3) Increment the PC in the correct amount.  
  
📈 At this point, The IPC has more than doubled, but we compromised the clock frequency due to the complex Decode Stage. Therefore, we improved the program's running time from ~7seconds to ~3 seconds.

## Dedicated HW to Accelerate Integer division

The true game-changer in performance will come from adding a dedicated HW block that can divide two 16-bit integers.

### Examining the ROM SW – Benchmark

There are two loops in the ROM Benchmark:  
(1) The outer loop - "LIP"  
I will try and run through the instructions as efficiently as possible (multi-issue, execute ion parallel).   
  
(2) The inner loop - "LOOP"  
When examining the sequence, you see that the algorithm divides 20,000/10 by subtracting 10 from 20,000 and counting number of iteration until M[2] is 0 or less.  
// M[2] initiates with 20,000  
@20000  
D = A  
@2  
M = D  
// M[3] initiates with 10  
@10  
D = A  
@3  
M = D  
// Start Loop  
(LOOP) @1  
M = M + 1  
@2  
D = M  
@3  
D = D - M   
@2  
M = D  
@2  
D = M  
// Loop condition M[2]>0.   
@LOOP  
D ; JGT  
  
With this observation, I have decided to add a dedicated HW block to divide two 16-bit integers.  
The machine implementation is a deterministic 16 cycle divide algorithm.

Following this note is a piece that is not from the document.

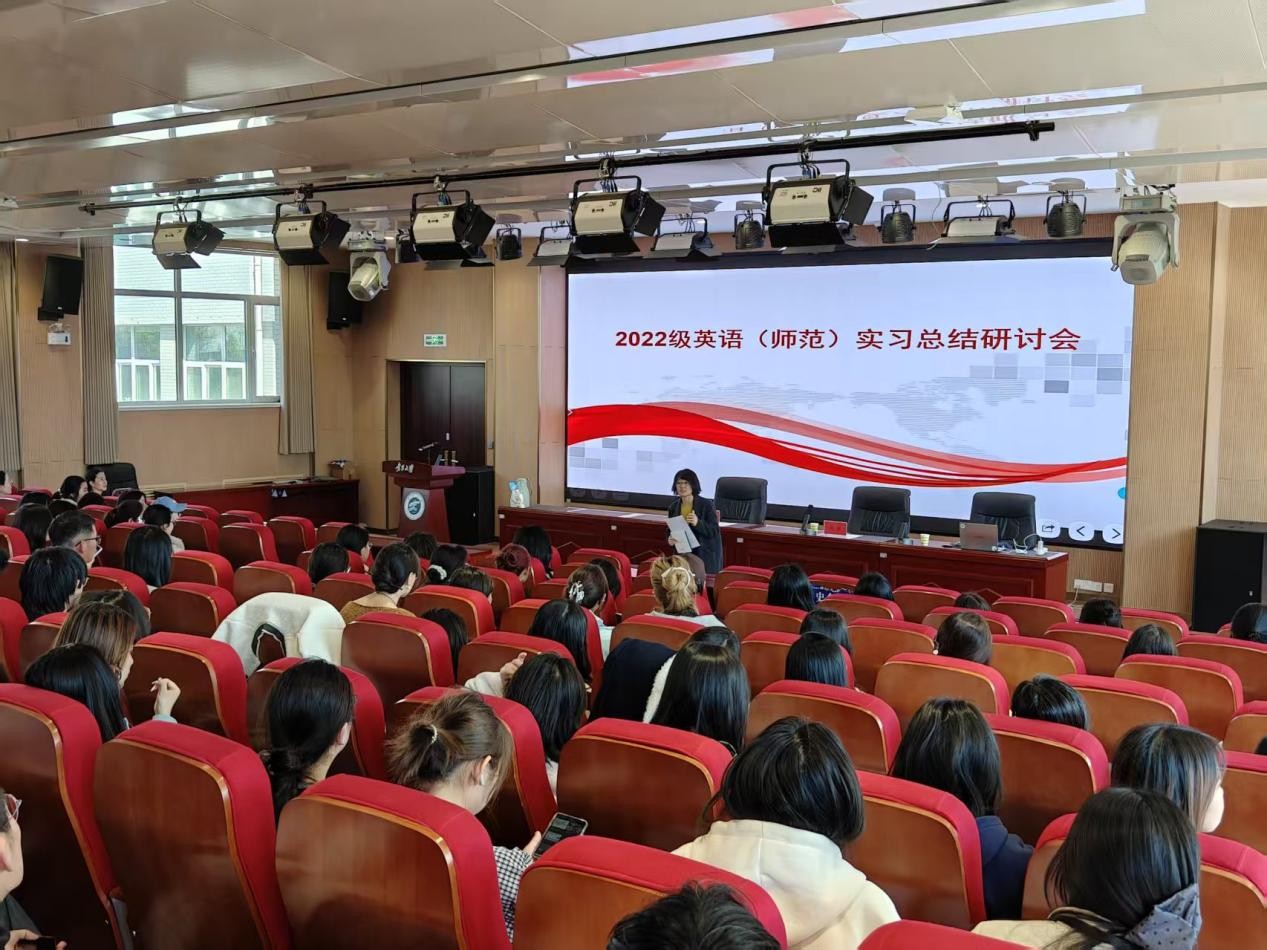 为全面总结2022级师范生实习成效,共享教学实践智慧,助力实习生明晰职业发展方向,3月11日,2022级英语(师范)实习总结研讨会在怀远楼二楼报告厅举行。宁夏育才中学骨干教师王莉、银川市阅海第二中学资深教师白莉应邀担任主讲嘉宾,与2022级、2023级师范生共话教育初心、共探教学路径。研讨会由外国语学院贾文娟副教授主持。

### triggering the dividing machine

I added an "instruction history recorder" to remember the last 24 instructions to know when to trigger the machine.  
Once the "instruction History" matches the division algorithm, I halt the program counter (PC), send the "Dividend" & "Divisor" to the Dedicated dividing HW, and return the PC after the loop once the division completes.

### To summarize

1) There is a naive algorithm to divide two integers in the inner loop. It takes 2,000 loops to complete - each loop takes 12 cycles.  
2) Added a deterministic HW divider that takes ~20 cycles.  
3) Added an "instruction history buffer" to match the SW divide sequence and trigger the HW divide machine. 

### My final resutls

We improved the program's running time from ~3 seconds to ~0.01 seconds using the HW divider.